American radio programmer and executive

John Harlan Rook (October 9, 1937 – March 1, 2016) was an American radio programmer and executive, most known for his tenure in Chicago. Under his guidance in the 1960s, 50,000-watt ABC-owned WLS became the highest rated station in the Chicago metropolitan area, known as one of the greatest Top 40 stations in America. After leaving WLS to form a radio consultancy in 1970, WLS' rival, WCFL-AM, beat WLS in the ratings after retaining Rook's services. Throughout his programming career, Rook won numerous national radio awards and was repeatedly singled out for his ability to pick hit records. He would later own his own radio stations before founding the Hit Parade Hall of Fame, the only foundation that bestows awards on popular performers based upon the votes of the general public.

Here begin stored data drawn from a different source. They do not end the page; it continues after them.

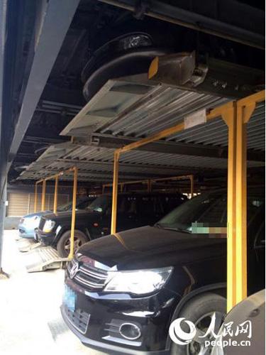 有管理员专门负责操作的立体车库情况要好很多。朝阳区十里堡某小区的立体车库,一二层几乎停满了小汽车。(人民网 刘融摄)
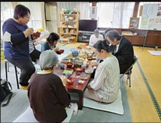 スタッフの懇話が終わり、お昼になると、皆でお供えものと同じご馳走を頂く。
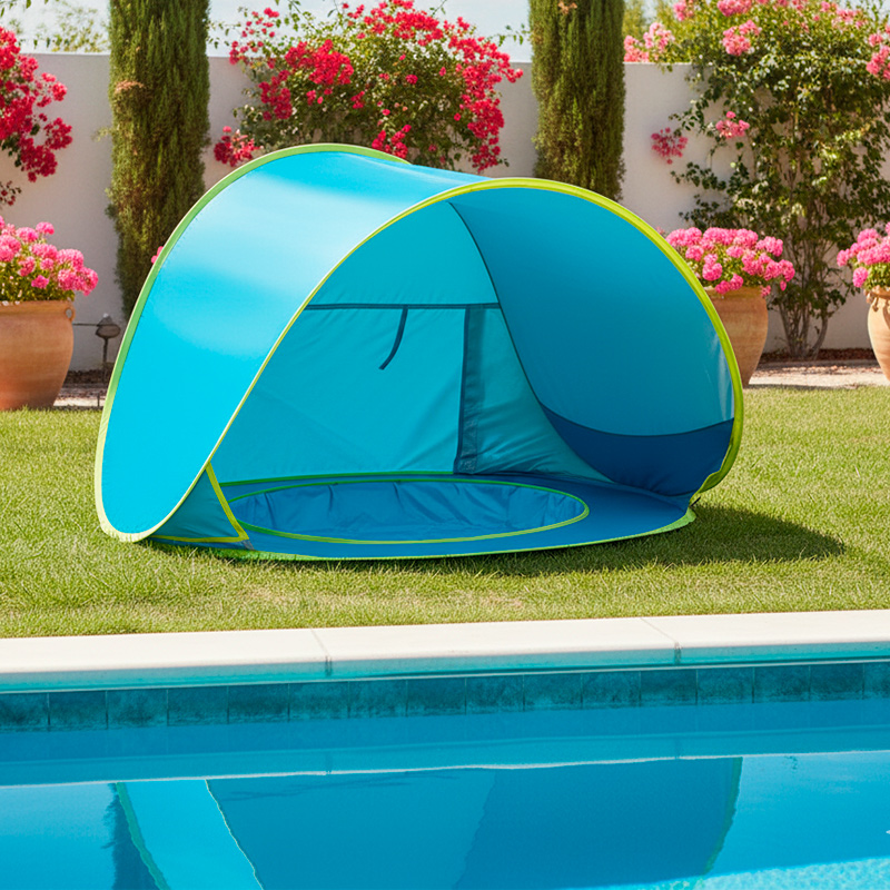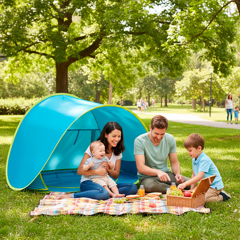 Crea un refugio fresco y ventilado para proteger la piel sensible de tu bebé del sol, el viento y la arena.
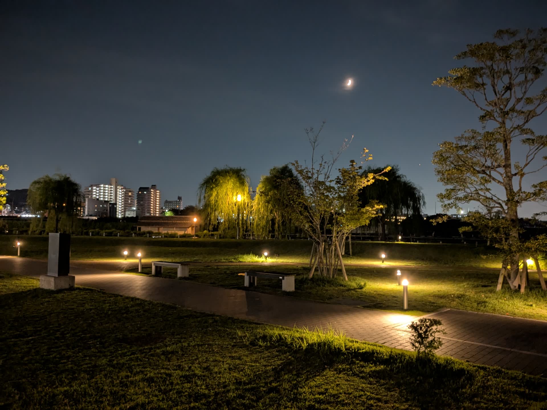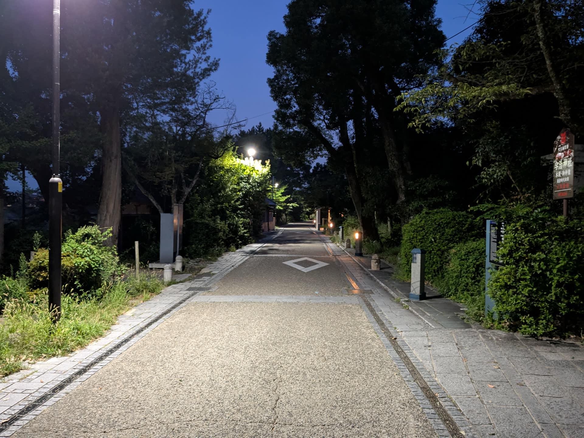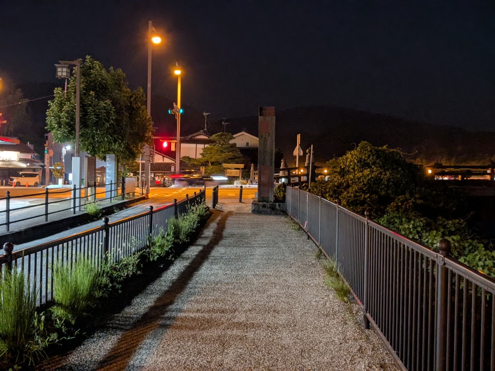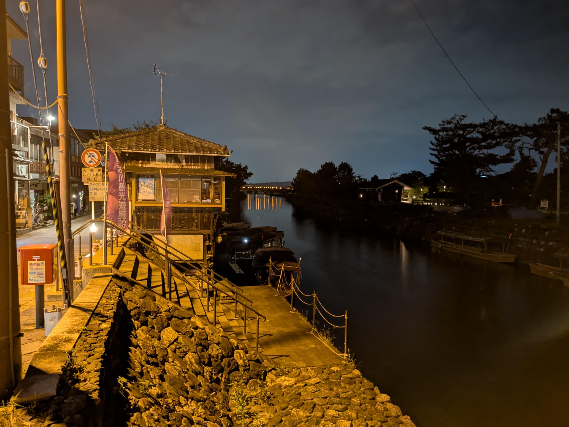 首先起來拍了一下深夜的宇治,有點想拍星星,不過 Pixel 放了好久也不跳出星空模式,所以只好用一般的夜視模式。
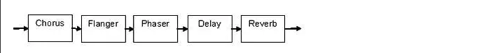 上面的框圖描述了典型音頻應(yīng)用中的數(shù)據(jù)流。每個(gè)效果獲取前一個(gè)效果的輸出,處理數(shù)據(jù),并將其輸出轉(zhuǎn)發(fā)到數(shù)據(jù)處理鏈中的下一個(gè)效果(例如,Phaser 效果的輸出被輸入到 Delay 效果,Delay 效果的輸出被發(fā)送到混響) 。
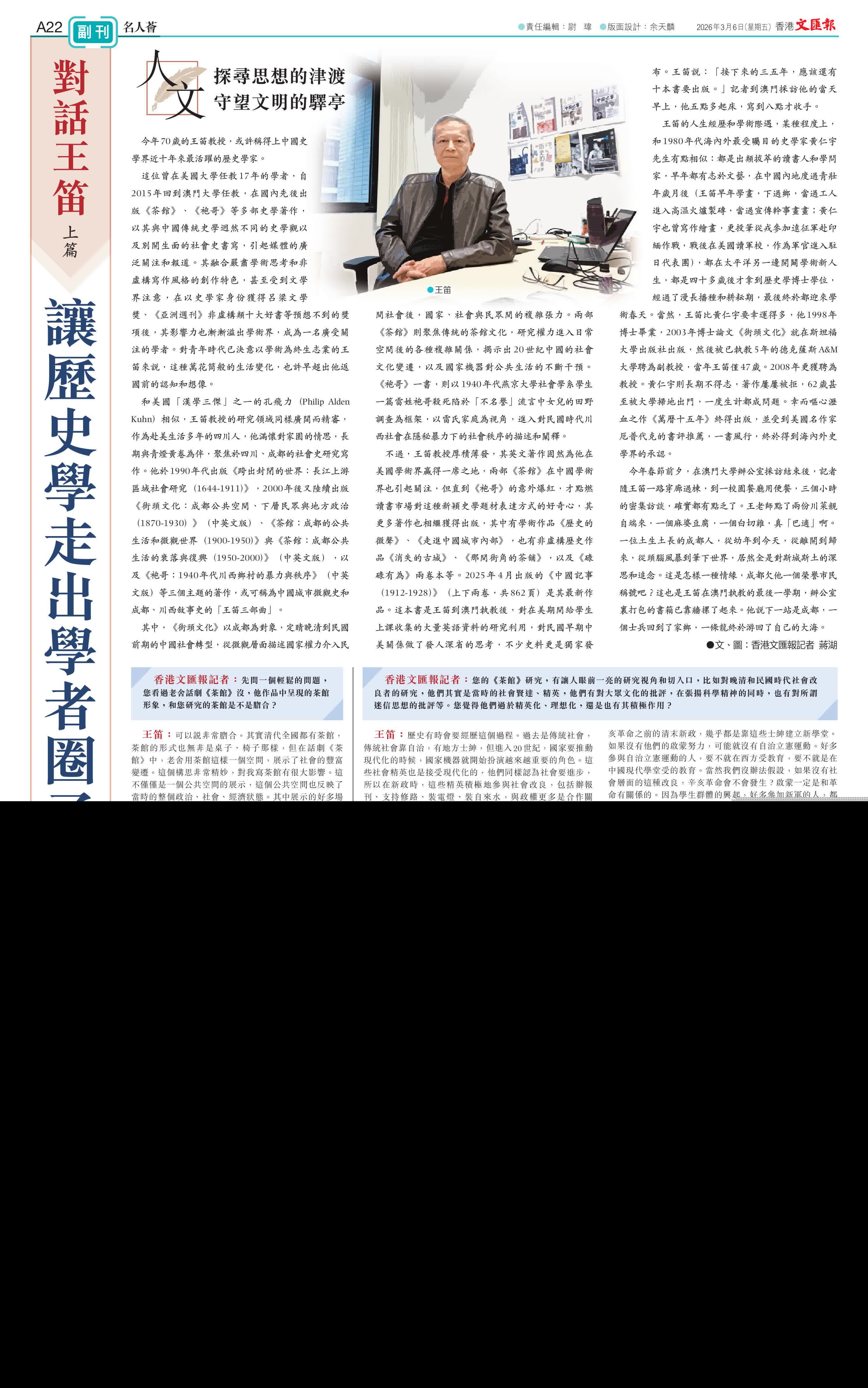 (香港文匯報記者 蔣湖)今年70歲的王笛教授,或許稱得上中國史學界近十年來最活躍的歷史學家。
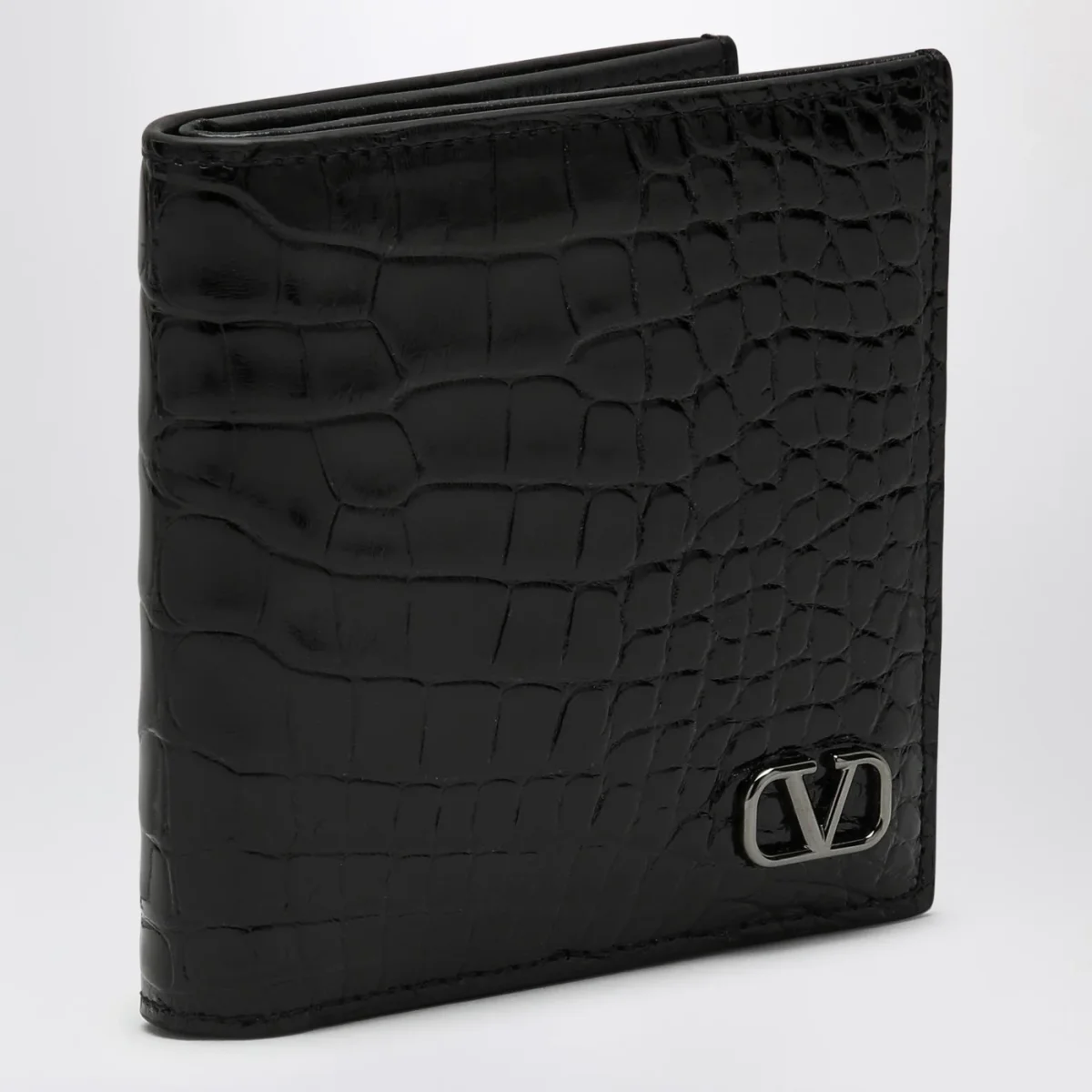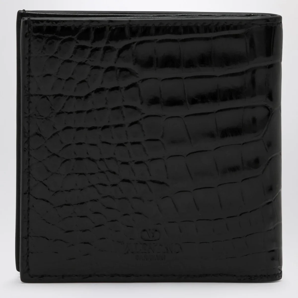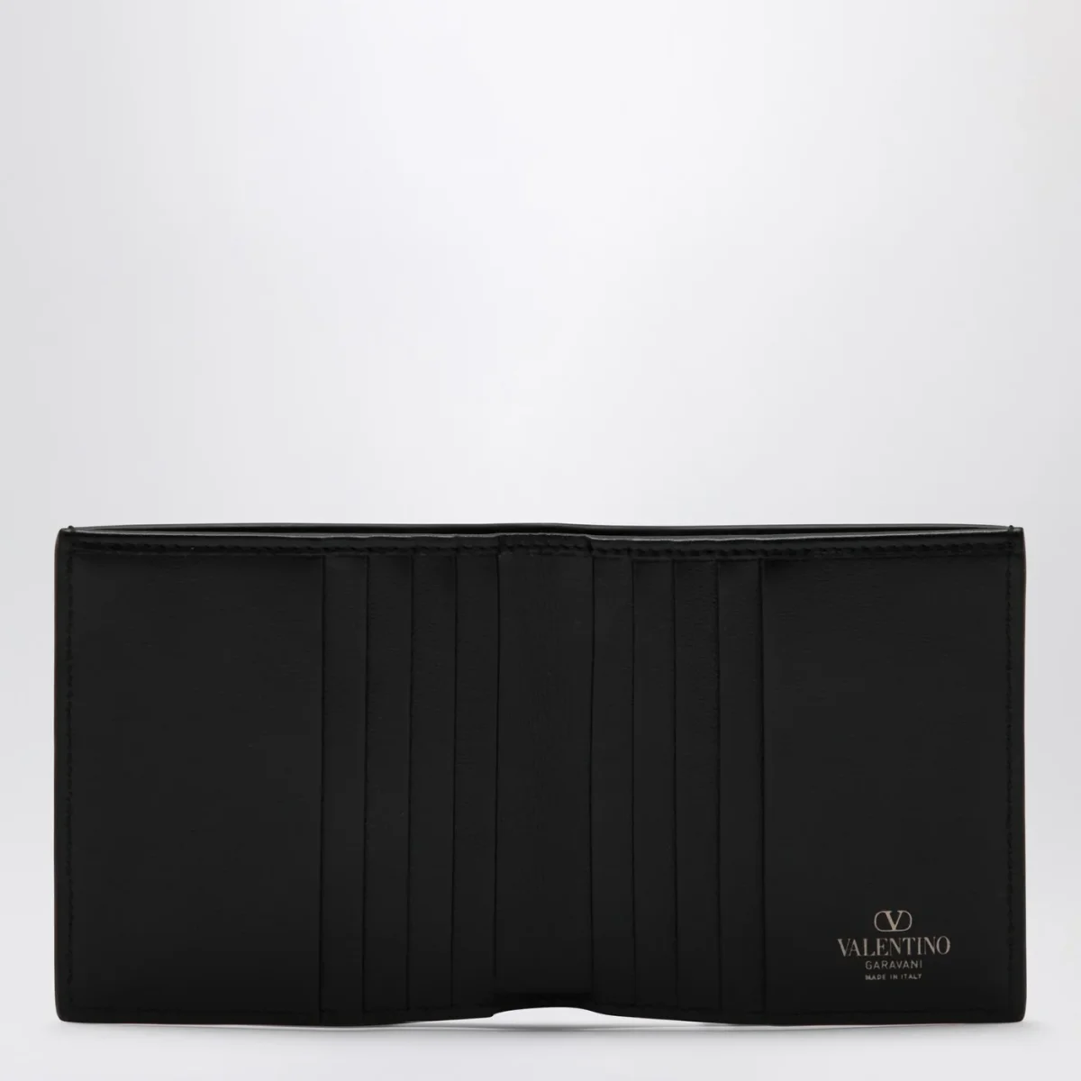 Portafoglio orizzontale di Valentino Garavani in pelle effetto cocco nero, caratterizzato da VLogo Signature sul davanti, uno scomparto per banconote e vari slot per carte interni.
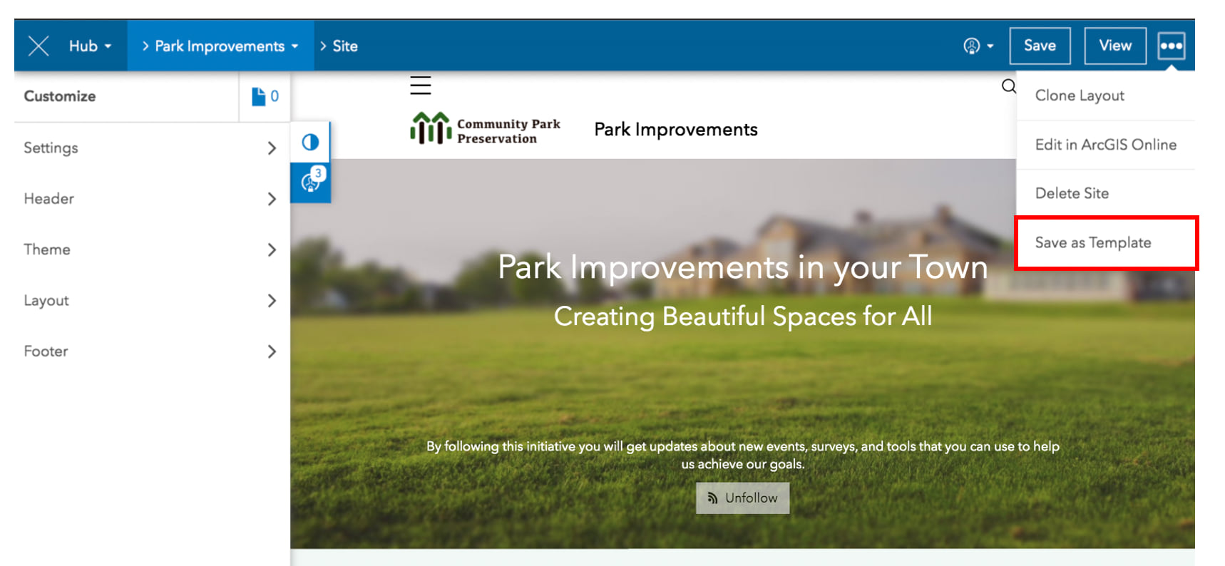 To get started, sign in to ArcGIS Hub and open an initiative in edit mode. Then, click the more button at the top-right corner of your screen and click Save as Template.
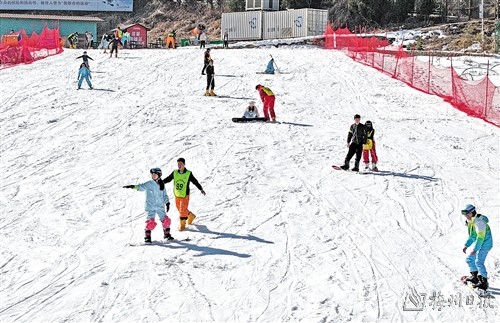 1月6日,游客在潜山市水吼镇天柱山滑雪场体验滑雪。
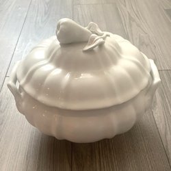 Består av en bottenplatta och ett kupolformat lock med handtag. Färg: vit/genomskinlig. Används för att förvara tårta.
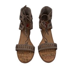 Tan Lace Up Loraine Open Toe Wedge Sandals Size 8 Women’s
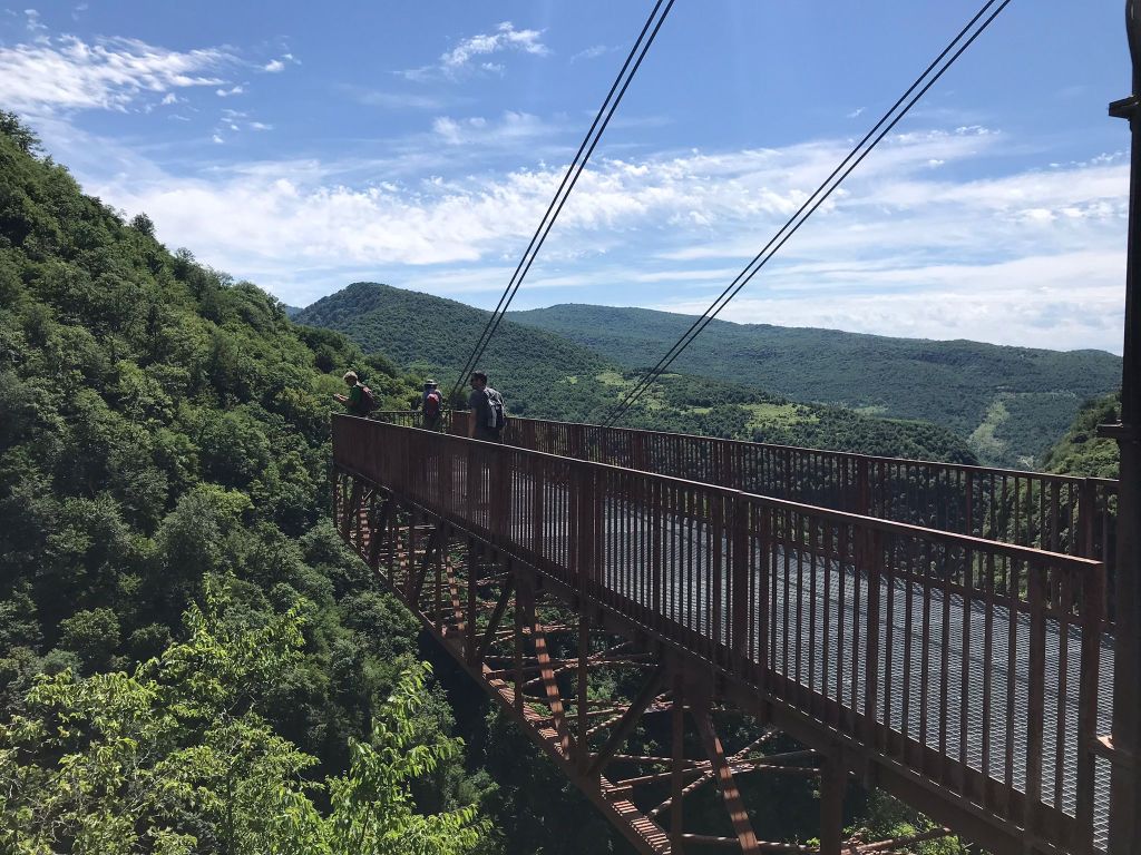 Als wir am Nachmittag beim Okatse Canyon ankamen, wurde uns im Visitor Center mitgeteilt, dass der Park aufgrund der Niederschläge der vergangenen Tage aktuell geschlossen sei. Bereits auf der Hinfahrt waren Teile der Strasse durch Erdrutsche versperrt gewesen. Nach einer Nacht auf dem Parkplatz des Visitor Centers (mit leider sehr viel Hundegebell und -geknurre) konnten wir die Schlucht besuchen. Nach einem rund 2km langen Fussweg erreichten wir die Schlucht. Ein hängender Steg führt zu einer grossen Aussichtsplattform – nichts für schwache Nerven oder Personen mit Höhen- oder Schwellenangst. Der Ausblick tief in die Schlucht sowie über die grünen Hügel Georgiens war wundervoll.

John Rook's final interview, a comprehensive overview of his entire life and career, was broadcast on Marcus Singletary's Far Out Flavors podcast on December 15, 2015. Topics included breaking into radio, meeting Mick Jagger, Ted Kennedy, and The Beatles, and the emergence of Republican Donald Trump as a viable presidential candidate.

==Early years==
Rook was born in Chillicothe, Ohio, and attended high school in Nebraska, before moving to California in the mid-1950s to take acting classes with Natalie Wood, Nick Adams and Sal Mineo, at the Pasadena Playhouse. This led to bit parts in several motion pictures, as well as a small role in the Wild Bill Hickok television series. He spent much of his time guiding the career of his closest friend, Rock and Roll Hall of Fame legend, Eddie Cochran, one of the artists on Liberty Records, where Rook worked in the mailroom. At lunch with Liberty Records artist Ross Bagdasarian who was on the label as David Seville, they encountered Bagdasarian's friend, performer Tennessee Ernie Ford. Upon being introduced to Rook, Ford asked what he did at Liberty. When he heard Rook was packing records to send to disc jockeys, he suggested that Rook would have a better career being one.

==Radio Programming==
After jobs playing records at KASL in Newcastle, Wyoming; KOBH in Hot Springs, South Dakota; and KALL in Salt Lake City, Rook programmed KTLN in Denver, where his success led to ABC hiring him to be program director at KQV in Pittsburgh. KQV, owned by ABC, had initial success with the Top 40 format, but was floundering prior to Rook's arrival.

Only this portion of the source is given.